● **TRY IT**
Return nothing but the lines from the one with "Be The Change" through the one with "Стремянка телескопическая BAFEN" in the data below, word for word and without pictures.

[[ RECORDS TO USE, beginning ]]

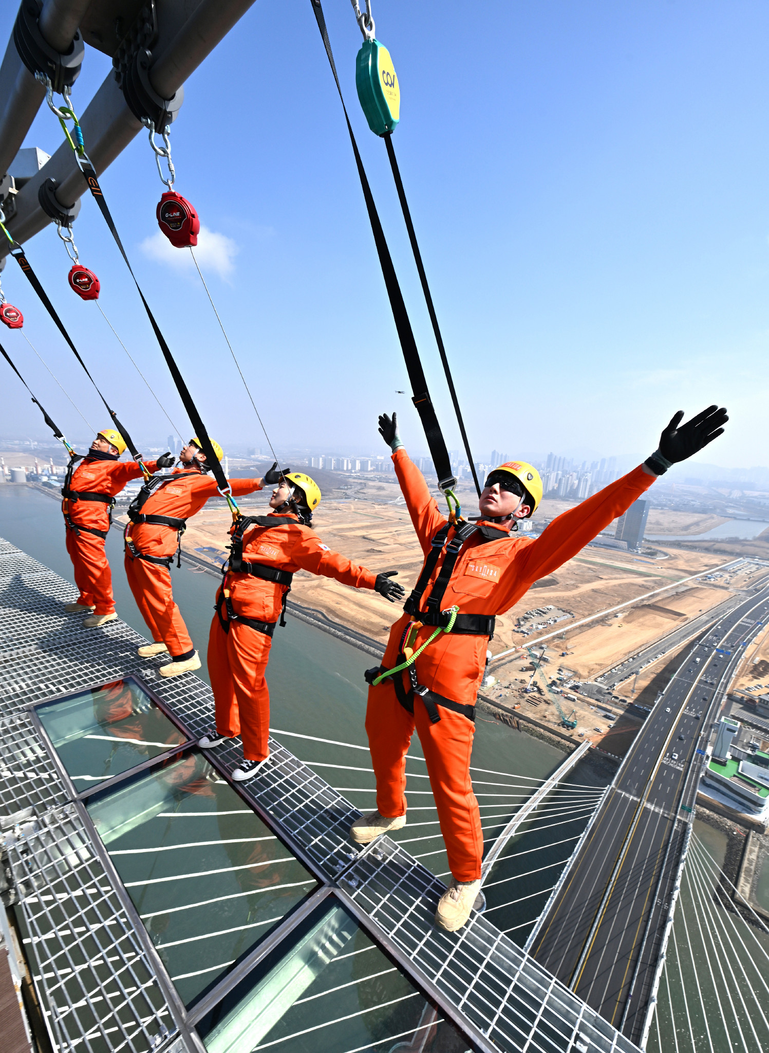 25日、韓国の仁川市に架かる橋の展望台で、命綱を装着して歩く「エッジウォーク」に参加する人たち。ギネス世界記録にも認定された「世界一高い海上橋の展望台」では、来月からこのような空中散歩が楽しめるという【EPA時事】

[[ RECORDS TO USE, end ]]
[[ RECORDS TO USE, beginning ]]

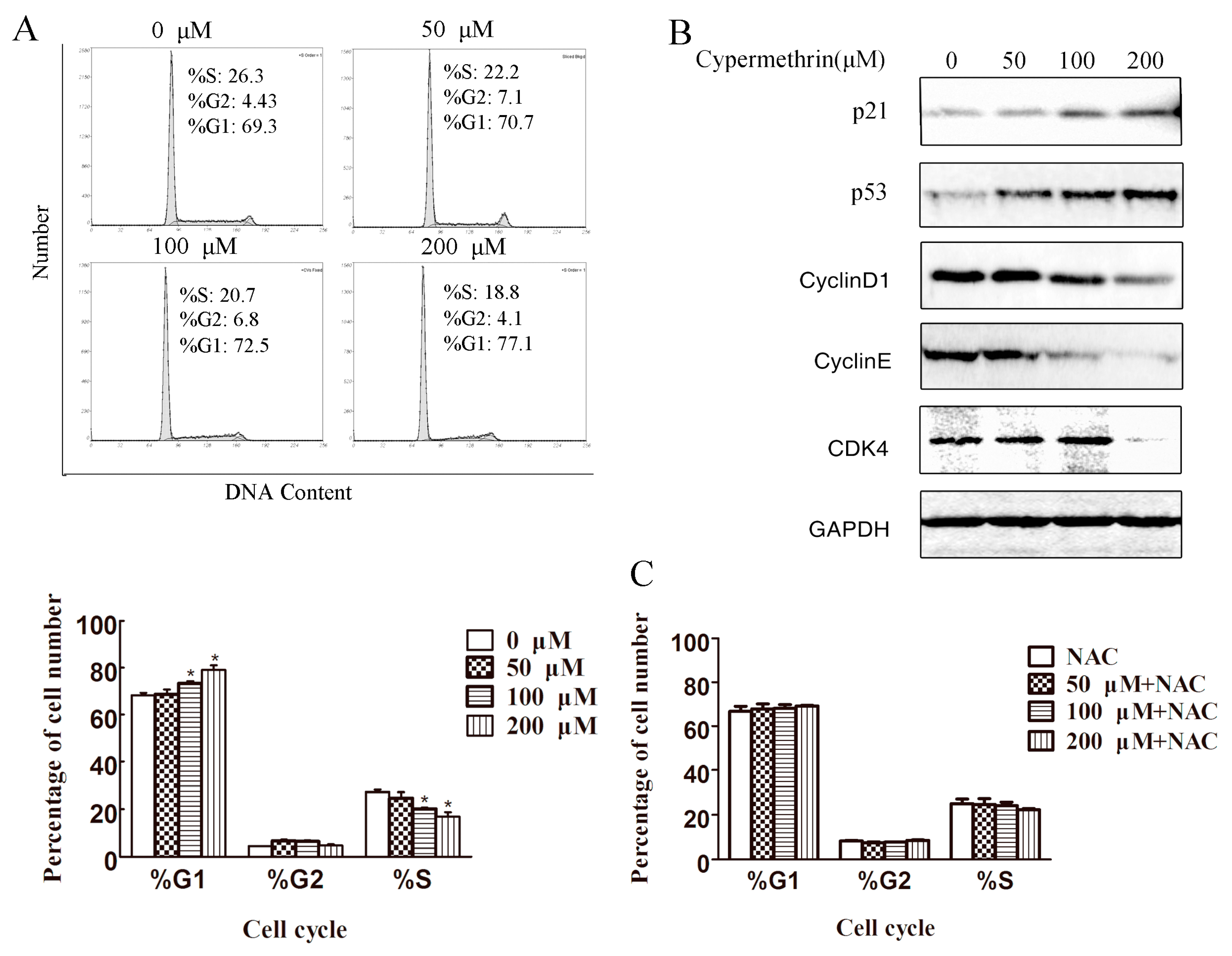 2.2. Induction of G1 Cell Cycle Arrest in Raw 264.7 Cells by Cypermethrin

[[ RECORDS TO USE, end ]]
[[ RECORDS TO USE, beginning ]]

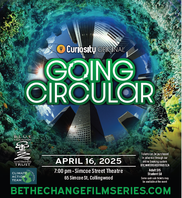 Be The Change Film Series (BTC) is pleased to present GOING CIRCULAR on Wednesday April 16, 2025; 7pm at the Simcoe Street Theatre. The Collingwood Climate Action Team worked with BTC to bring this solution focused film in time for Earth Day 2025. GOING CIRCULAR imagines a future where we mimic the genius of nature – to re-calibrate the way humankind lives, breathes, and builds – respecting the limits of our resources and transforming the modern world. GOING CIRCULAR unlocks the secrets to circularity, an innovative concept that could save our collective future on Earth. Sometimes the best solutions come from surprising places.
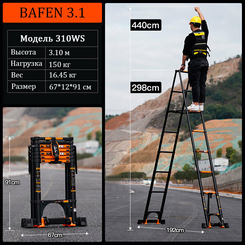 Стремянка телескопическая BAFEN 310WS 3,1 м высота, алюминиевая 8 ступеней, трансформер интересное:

[[ RECORDS TO USE, end ]]

● **OUTPUT OF THE TASK**
 Be The Change Film Series (BTC) is pleased to present GOING CIRCULAR on Wednesday April 16, 2025; 7pm at the Simcoe Street Theatre. The Collingwood Climate Action Team worked with BTC to bring this solution focused film in time for Earth Day 2025. GOING CIRCULAR imagines a future where we mimic the genius of nature – to re-calibrate the way humankind lives, breathes, and builds – respecting the limits of our resources and transforming the modern world. GOING CIRCULAR unlocks the secrets to circularity, an innovative concept that could save our collective future on Earth. Sometimes the best solutions come from surprising places.
 Стремянка телескопическая BAFEN 310WS 3,1 м высота, алюминиевая 8 ступеней, трансформер интересное:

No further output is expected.